§ Stored data
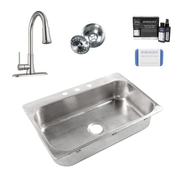 Angelico 33 in. 3-Hole Drop-In Single Bowl 18 Gauge Brushed Stainless Steel Kitchen Sink with Pfirst Faucet Kit
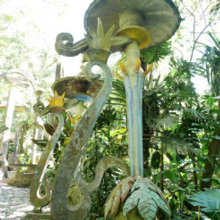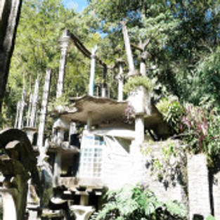 But we were coming to see in addition to the natural beauty, was it something quite unnatural. A man named Edward James built an extremely strange creation called Las Pozas on about 80 acres of jungle property. It is more than 2000 feet above sea level in a sub tropical rain forest. It has natural waterfalls and pools interlaced with surrealist sculptures made of concrete. Edward was a patron of the arts, and he clearly had more money than he needed. He had at one time, the largest collection of surrealist art in the world. He sold his collection in order to have about $5 million to build about 25 surreal concrete structures built between 1949 and 1984.
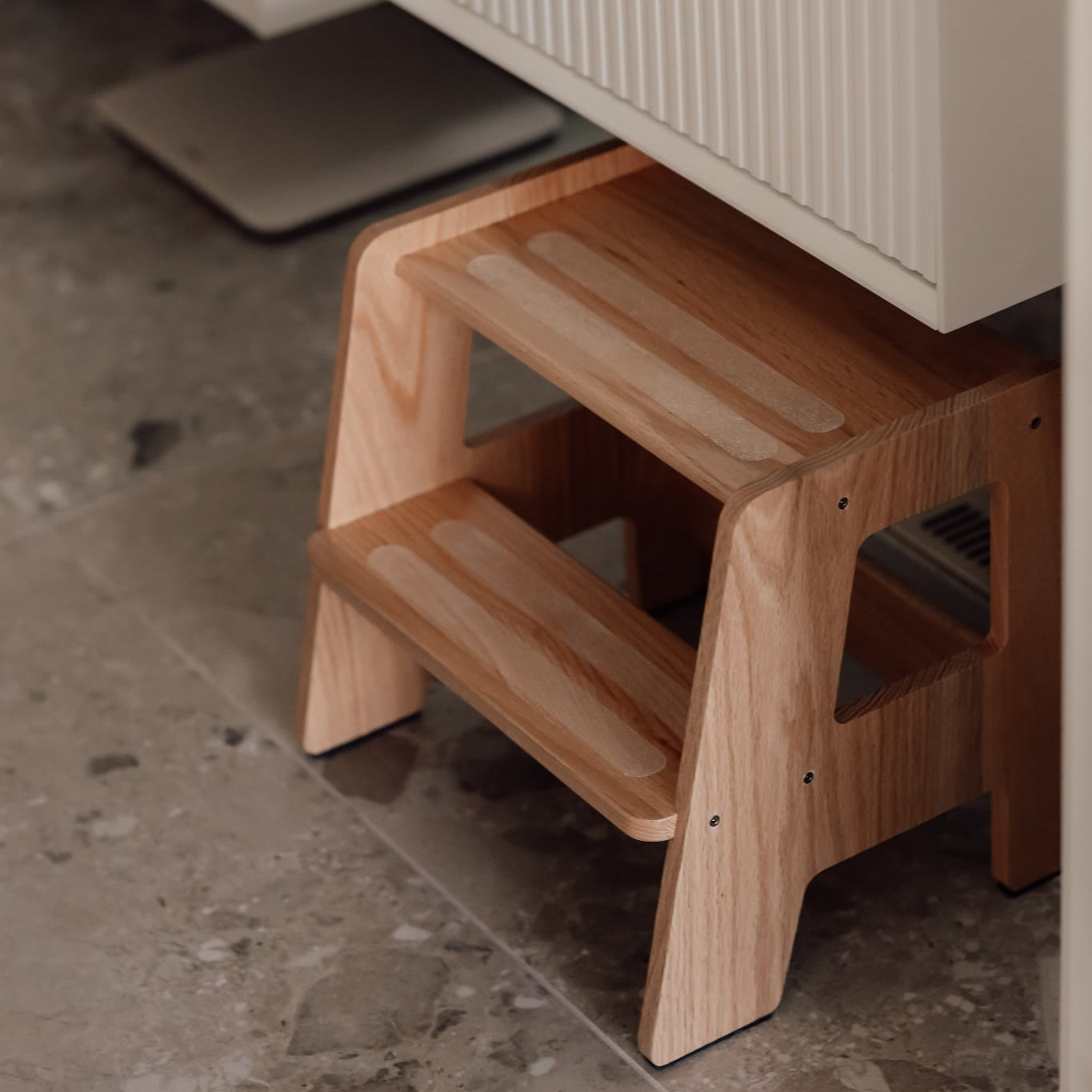 En funktionel og æstetisk skammel, der gør hverdagen lettere for både børn og voksne – og som samtidig er et smukt møbel i hjemmet.
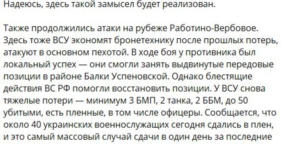Также канал опубликовал информацию о вероятном восстановлении контроля над ранее оставленным селом Пятихатки. Днем 18 июня ряд источников сообщил, что под напором пехоты ВСУ российские войска отошли на второй рубеж обороны, после чего по украинским формированиям были нанесены массированные авиационные и артиллерийские удары.
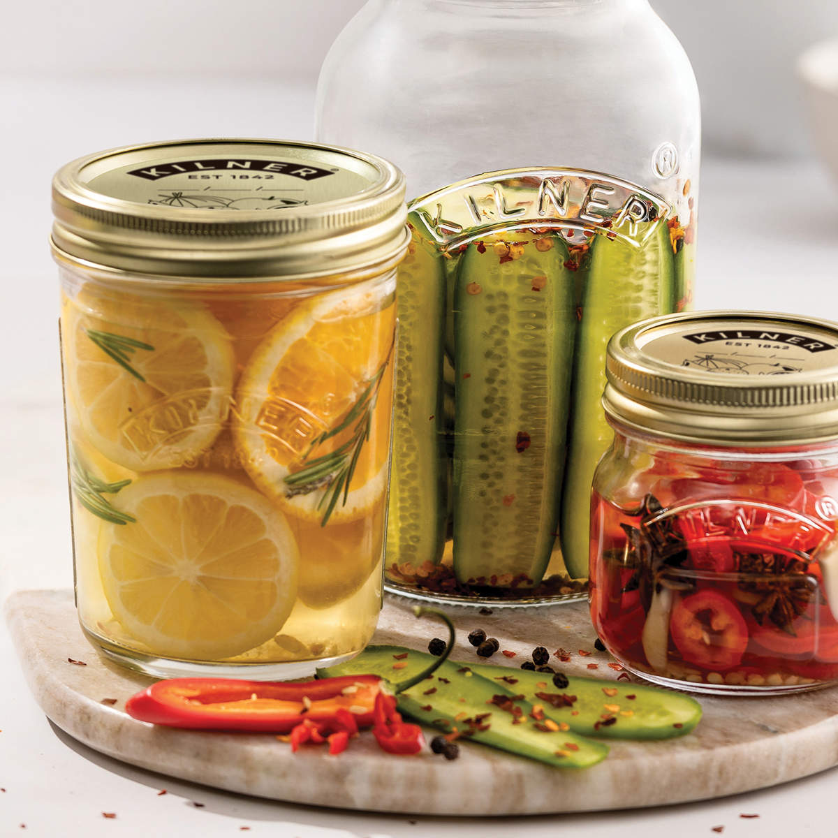 KILNERの保存瓶は、食材や用途に合わせて選べる豊富なサイズ展開です。単体での使用はもちろん、種類別で複数使いすれば、キッチンが整って統一した空間が生まれます。透明で中身が一目で分かるので、複数を並べても使いたい時にすぐに手に取れます。
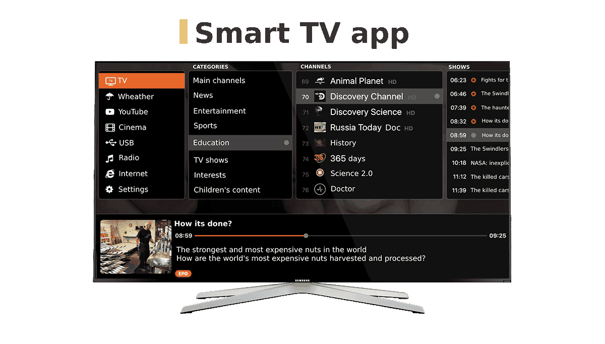 Our client was satisfied with our expertise. He received an IPTV application with the TimeShifting, EPG (electronic program guide), personal video recording (PVR), and pause/rewind features. Besides, a platform user has access to the entertaining categories: YouTube, Weather Forecast, CinemaRoom, Radio, and a Browser.
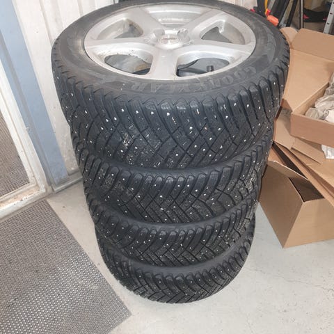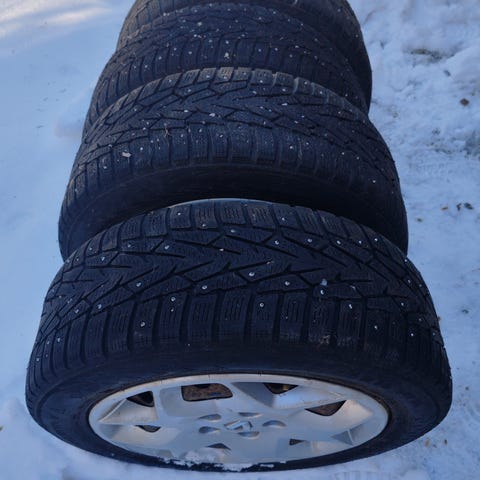 Myydään Corollassa käytössä olleet nypityt nastarenkaat fiksuilla peltovanteilla.
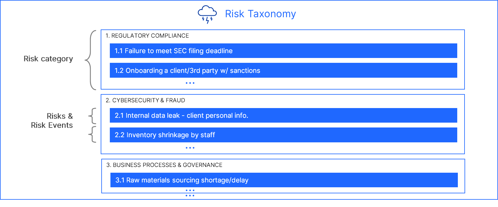 The next recommended step is to create your Risks Taxonomy/Registry. We recommend a 2-level Taxonomy with Risk Categories as level 1 and Risks/Risk Events as level 2.

§ What the exercise asks
Once the pictures are removed, return the entries exactly as they stand.

§ Solution to the problem
 Angelico 33 in. 3-Hole Drop-In Single Bowl 18 Gauge Brushed Stainless Steel Kitchen Sink with Pfirst Faucet Kit
 But we were coming to see in addition to the natural beauty, was it something quite unnatural. A man named Edward James built an extremely strange creation called Las Pozas on about 80 acres of jungle property. It is more than 2000 feet above sea level in a sub tropical rain forest. It has natural waterfalls and pools interlaced with surrealist sculptures made of concrete. Edward was a patron of the arts, and he clearly had more money than he needed. He had at one time, the largest collection of surrealist art in the world. He sold his collection in order to have about $5 million to build about 25 surreal concrete structures built between 1949 and 1984.
 En funktionel og æstetisk skammel, der gør hverdagen lettere for både børn og voksne – og som samtidig er et smukt møbel i hjemmet.
Также канал опубликовал информацию о вероятном восстановлении контроля над ранее оставленным селом Пятихатки. Днем 18 июня ряд источников сообщил, что под напором пехоты ВСУ российские войска отошли на второй рубеж обороны, после чего по украинским формированиям были нанесены массированные авиационные и артиллерийские удары.
 KILNERの保存瓶は、食材や用途に合わせて選べる豊富なサイズ展開です。単体での使用はもちろん、種類別で複数使いすれば、キッチンが整って統一した空間が生まれます。透明で中身が一目で分かるので、複数を並べても使いたい時にすぐに手に取れます。
 Our client was satisfied with our expertise. He received an IPTV application with the TimeShifting, EPG (electronic program guide), personal video recording (PVR), and pause/rewind features. Besides, a platform user has access to the entertaining categories: YouTube, Weather Forecast, CinemaRoom, Radio, and a Browser.
 Myydään Corollassa käytössä olleet nypityt nastarenkaat fiksuilla peltovanteilla.
 The next recommended step is to create your Risks Taxonomy/Registry. We recommend a 2-level Taxonomy with Risk Categories as level 1 and Risks/Risk Events as level 2.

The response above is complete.